HH: Well, I find…but it doesn’t tell us much about your early years, born in ’44 in Brooklyn. You’re an only child, right, Mayor?

RG: That’s correct.

HH: And your dad had a run-in with the law, he had some tough years afterwards, but it’s a Catholic…give us some idea of what it’s like growing up ’44 to the early 60’s in your Brooklyn life.

RG: (laughing) You know, it was sort of a much calmer period of time. My first memories, actually, are of baseball. My father came from Manhattan, and my mother from Brooklyn. And my mother sort of required my father to live in Brooklyn near her family. And his revenge was to make me a Yankee fan right in the shadow of Ebbets Field. So my early experiences were being thrown in the mud by the Dodgers fans that have made me a very, very loyal Yankee fan. And then I remember my first Yankee game, Joe DiMaggio and Dominic DiMaggio were playing on opposite teams, Joe for the Yankees, and Dominic for the Red Sox. And I…baseball was a large part of my early life, both when I lived in Brooklyn…I lived in Brooklyn up until the time I was about seven, and then we moved to Garden City South, which is in Nassau County, and I went to parochial schools. I went to St. Francis of Assisi Grammar School, and St. Anne’s Grammar School in Stewart Manor. But then, it was a strange thing, I went to high school in Brooklyn.

HH: Okay…

RG: So I would commute back into Brooklyn everyday from the time I was 13, to the time I was 17.

HH: Was money tight in the Giuliani family?

RG: Yeah, it was. I mean, yes, yeah, I understood that there were limited amounts of money, and I didn’t grow up with anything like wealth, or I would consider it middle class, maybe, you know, there was money, but it was tight, and it wasn’t unlimited amounts of money by any means.

HH: And how did you pay for college, because you go to Manhattan College, you go to law school, how do you foot that bill?

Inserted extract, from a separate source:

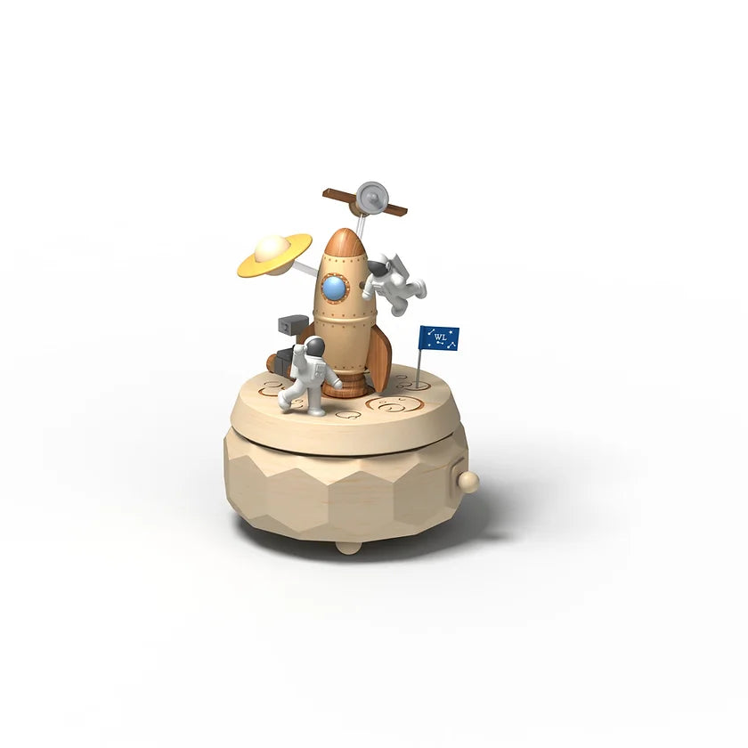 Boîte à musique en bois sur le thème des spationautes. Partez à la découverte de l'espace.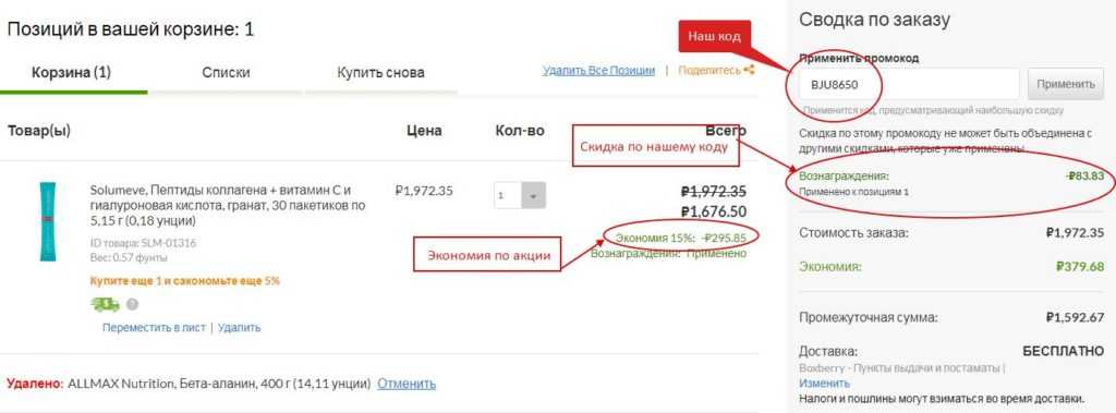 - для того, чтобы она оказалась активной, необходимо пролистать до раздела «Экономия» и в указанном поле ввести соответствующий промокод айхерб – BJU8650, или просто перейти по этой ссылке, скидка в корзине пропишется автоматически.

RG: I had partial scholarships in both cases.

HH: Okay.

RG: Both to Manhattan and to NYU Law School, and that helped, that helped a great deal.

HH: Okay, and Brother O’Leary shows up in some of the stories I find. Who’s he?

RG: Brother Kevin…

HH: Yeah.

RG: That’s how I knew him as. Brother Kevin was a very, very big influence on my life, and he was an English, he was my English teacher and my homeroom teacher in the second year of high school, and he’s the one who really got me interested in reading, in opera, in writing, and sort of convinced me that there was a whole intellectual side of me that I could develop. And I really credit him with that. I mean, he and my mother, my mother was a frustrated history teacher. She always wanted to be a history teacher, and she came through the Depression, and she wasn’t able to go to college, she had to go to work, but she had a great interest in history, and in English. So I became her singular student. And the two of them probably developed, the two of them probably developed this tremendous interest in learning and reading, and the excitement of it that to this day that I have.

HH: And was Rudy Giuliani ever an altar boy?

RG: No.

HH: Okay, just checking on it.

RG: I was a very, I was a very religious kid, and wanted to be a priest for a good deal of my childhood. My real ambitions as a youngster were being a priest, or being a doctor. Those were the two things I went back and forth with during most of my childhood, and then a whole bunch of other ambitions came about, and different things to do, and I was on the verge of going in the seminary when I graduated from high school, changed my mind that summer, and then ended up going to Manhattan College.

HH: What changed your mind?

RG: I think celibacy, to tell you the truth.

HH: Ah, good argument.

RG: At least initially.

HH: Now how is the Catholic faith imprinted itself on you?